O que se pode entender pelo “homem transmudado” verá o leitor que é “o homem que pensa e conhece com todo o seu ser”; o que se pode entender por natureza, é o que em Pascoes se aprende. “Aprende-se a conhecer na natureza visível o seu duplo oculto. Todos os seres têm o seu duplo, diz-nos Pascoaes, e as
sombras constituem o verdadeiro lado das coisas. Por
sombra entende ele […] a imagem secreta de cada coisa, que se torna presente ao espírito por uma invocação mágica que nomeia o ser da coisa e os seus atributos: a ideia.”

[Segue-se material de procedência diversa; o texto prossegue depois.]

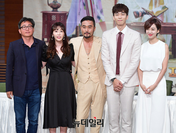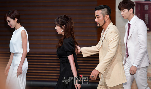 고동선 감독, 배우 강예원, 최민수, 신성록, 이소연(왼쪽부터)이 17일 서울 마포구 상암MBC 골든마우스홀에서 열린 수목 미니시리즈 '죽어야 사는 남자(연출 고동선, 극본 김선희)' 제작발표회에서를 마치고 인사를 하고 있다.

Neste último texto transcrito, encontramos a expressão daquilo que, na abertura desta “notícia”, dissemos ser “a singularidade muito significativa” do livro de António Telmo. Com efeito, as obras de tradição secreta, ocultista ou esotérica, suscitam sempre a suspeita e receio de se tratar de obras onde o pensamento não sai do labirinto, sempre perturbante e muitas vezes belo mas sem finalidade, das combinações, comparações e metáforas, das analogias sem anagogia. Outra suspeita que poderia também suscitar um livro do autor de
A Arte Poética – publicada há dez anos para ficar circunscrita ao círculo, ou ao “gueto”, onde se refugia a livre poesia – seria a de se tratar de uma armadilha destinada a atrair caçadores de borboletas, isto é, perseguidores do segredo da alma, neste caso a de uma Pátria, que, ora rastejante ora alada, sucessivamente se esconde para em nova forma surgir e surge para de novo se esconder, e em suas metamorfoses infinitamente repete o mesmo eterno ciclo de progresso e de regresso. Ora em todo este livro, como no texto transcrito, verificará o leitor que António Telmo não ficou nem na imagem muda do saber secreto nem na palavra poética da imaginação sem conceito: - num primeiro momento, a imagem emerge ao espírito por uma invocação mágica, operação na qual reside o pensamento esotérico que – à maneira do amor em Dante – solicita todo o ser do homem; num segundo momento, a invocação adquire substância poética, ou palavra, pois nomeia, dá nome à imagem invocada; num terceiro e último momento, o nome dado à imagem invocada é o nome do “ser da coisa e seus atributos: a ideia”.
O saber poético em que culminou o saber esotérico, culmina, por sua vez, no saber filosófico. E ao situar no último momento, sem o qual os outros pouco ou nada são, a filosofia, o leitor decerto evocará, expressa como ela está pela “ideia”, os dois pensadores de extrema oposição que foram os dois filósofos da “ideia”: Hegel e Platão. Não se trata, porém, da ideia de Hegel, que é a ideia de Deus encarnado, do Cristo, cingido como está todo o pensamento hegeliano – sistematização acabada da filosofia nórdica ou moderna – a um penoso comentário
pari passu da missa cristã. A ideia, “ser da coisa e seus atributos” – ou ser e saber do ser – aparece aqui como uma interpretação anagógica das
sombras de Pascoaes. É pela poesia pontifical, pela função pontifical da poesia, que, por cima e para além das águas já mortas do hegelianismo, a ideia nos prende a Platão que também pôs nas sombras o patente e o secreto.